API Integration Points

  • yfinance: Primary market data source
  • FRED: Macroeconomic indicators
  • Google Gemini: LLM-powered strategy generation
  • vectorbt: High-performance backtesting
  • matplotlib/plotly: Visualization rendering

🛡️ Risk Management Framework

Risk Controls

  1. Position Sizing Limits

    • Maximum position size per asset
    • Portfolio concentration limits
    • Leverage constraints
  2. Drawdown Controls

    • Maximum drawdown thresholds
    • Stop-loss mechanisms
    • Dynamic position sizing
  3. Correlation Management

    • Cross-asset correlation monitoring
    • Diversification requirements
    • Sector exposure limits

Performance Attribution

The system provides detailed performance attribution analysis:

  • Asset Contribution: Individual asset performance impact
  • Strategy Attribution: Strategy-specific return sources
  • Risk Factor Analysis: Exposure to market factors
  • Transaction Cost Analysis: Impact of fees and slippage

🎓 Mathematical Foundations

Strategy Formulation

Each strategy is mathematically formulated with clear entry and exit rules:

Example: Momentum Crossover Strategy

Entry Signal: MA_fast(t) > MA_slow(t) AND MA_fast(t-1) <= MA_slow(t-1)
Exit Signal: MA_fast(t) < MA_slow(t) AND MA_fast(t-1) >= MA_slow(t-1)

Where:
- MA_fast(t) = Simple Moving Average over N_fast periods
- MA_slow(t) = Simple Moving Average over N_slow periods
- t = current time period

Performance Metrics

Key mathematical formulations used in the system:

Sharpe Ratio: (Portfolio Return - Risk-Free Rate) / Portfolio Volatility

Maximum Drawdown: min(Portfolio Value / Peak Portfolio Value - 1)
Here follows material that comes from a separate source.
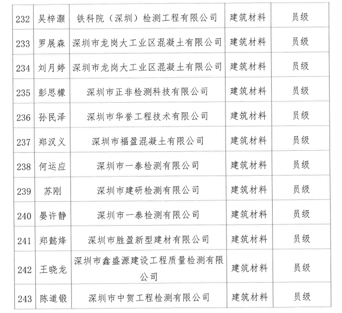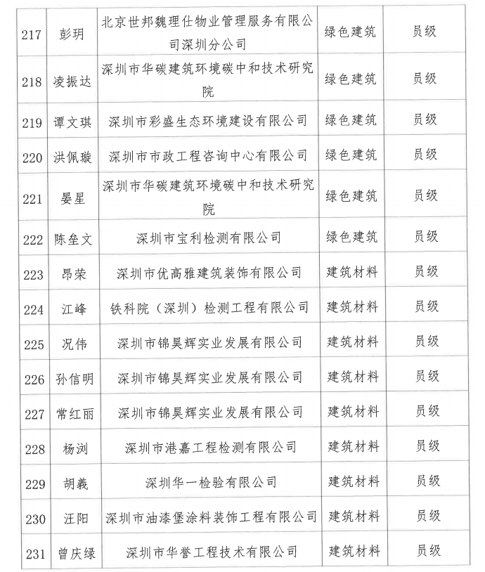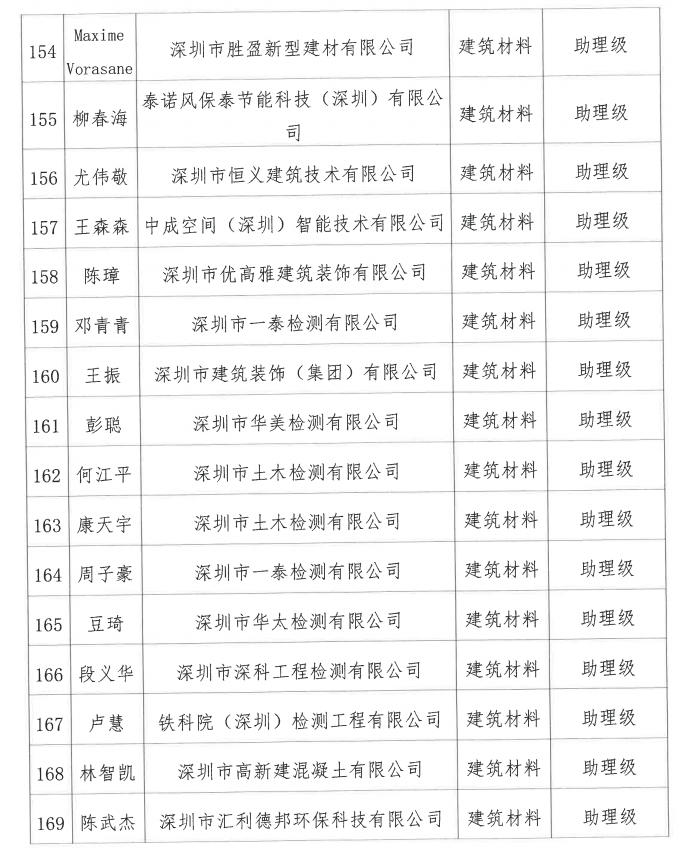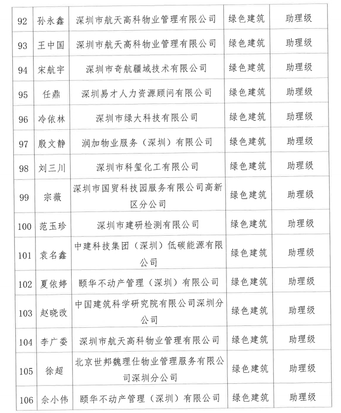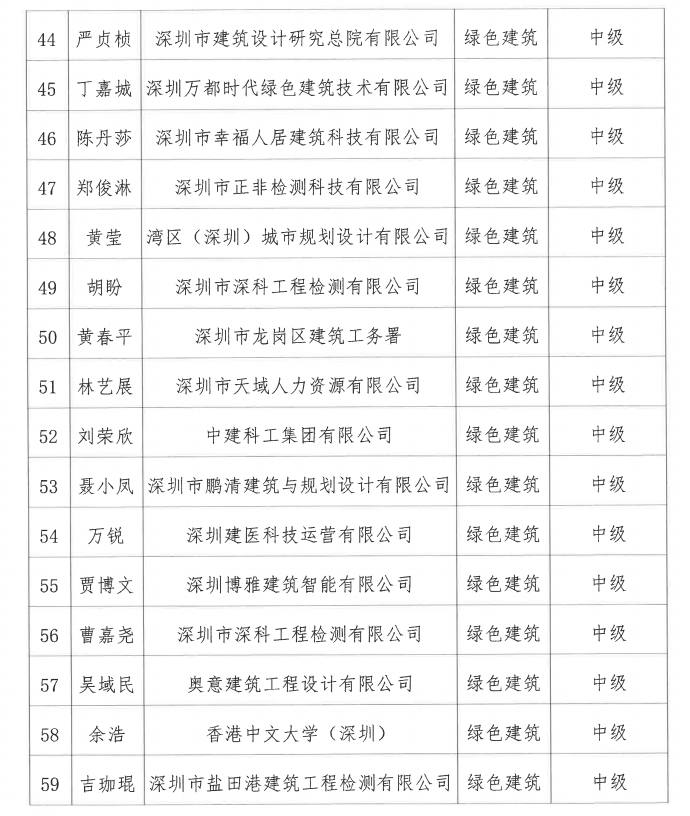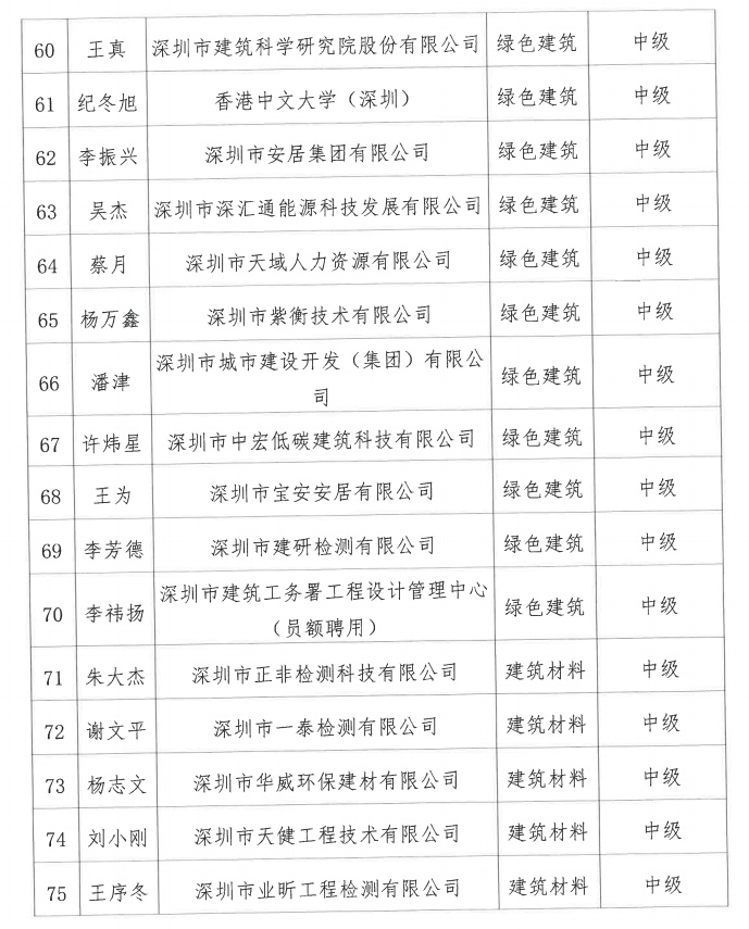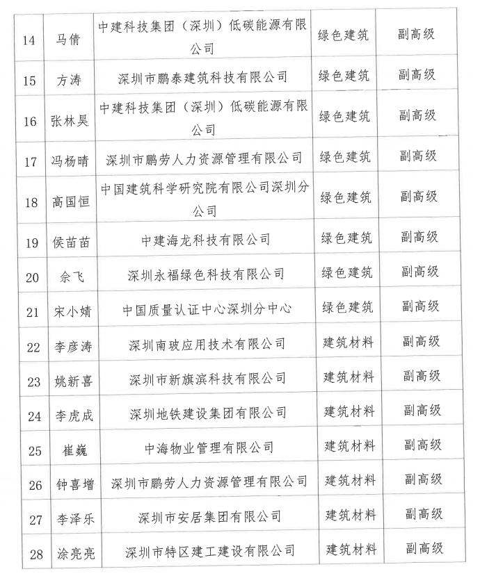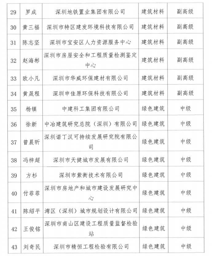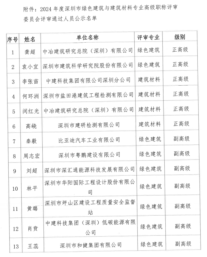 2024年度深圳市綠色建筑與建筑材料專業(yè)高級職稱評審委員會(huì)通過人員公示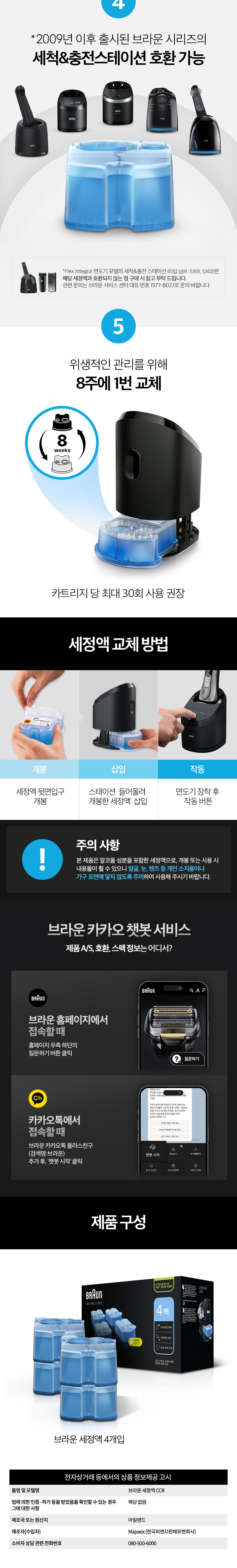 브라운 쉐이버 전용 3 in 1 클린 앤 리뉴 세정액 CCR4

Sortino Ratio: (Portfolio Return - Risk-Free Rate) / Downside Deviation


🚧 Future Enhancements

Planned Features

  1. Advanced AI Integration

    • GPT-4 integration for enhanced reasoning
    • Multi-agent orchestration with specialized roles
    • Reinforcement learning for strategy optimization
  2. Extended Asset Coverage

    • Cryptocurrency markets
    • International equities
    • Options and derivatives
  3. Real-Time Execution

    • Live trading integration
    • Order management system
    • Risk monitoring dashboard
  4. Advanced Analytics

    • Factor model analysis
    • Alternative data integration
    • Regime prediction models

Technical Debt & Improvements

  • Code optimization for larger universes
  • Enhanced error handling and logging
  • Comprehensive test suite expansion
  • Performance profiling and optimization

📞 Support & Contributing

Getting Help

  • Documentation: Comprehensive guides in /docs
  • Examples: Sample configurations and strategies
  • Issues: GitHub issue tracker for bug reports

Contributing Guidelines

  1. Fork the repository
  2. Create feature branch
  3. Add comprehensive tests
  4. Update documentation
  5. Submit pull request

This document serves as the comprehensive technical design reference for AgentQuant. For implementation details, see the source code and accompanying documentation.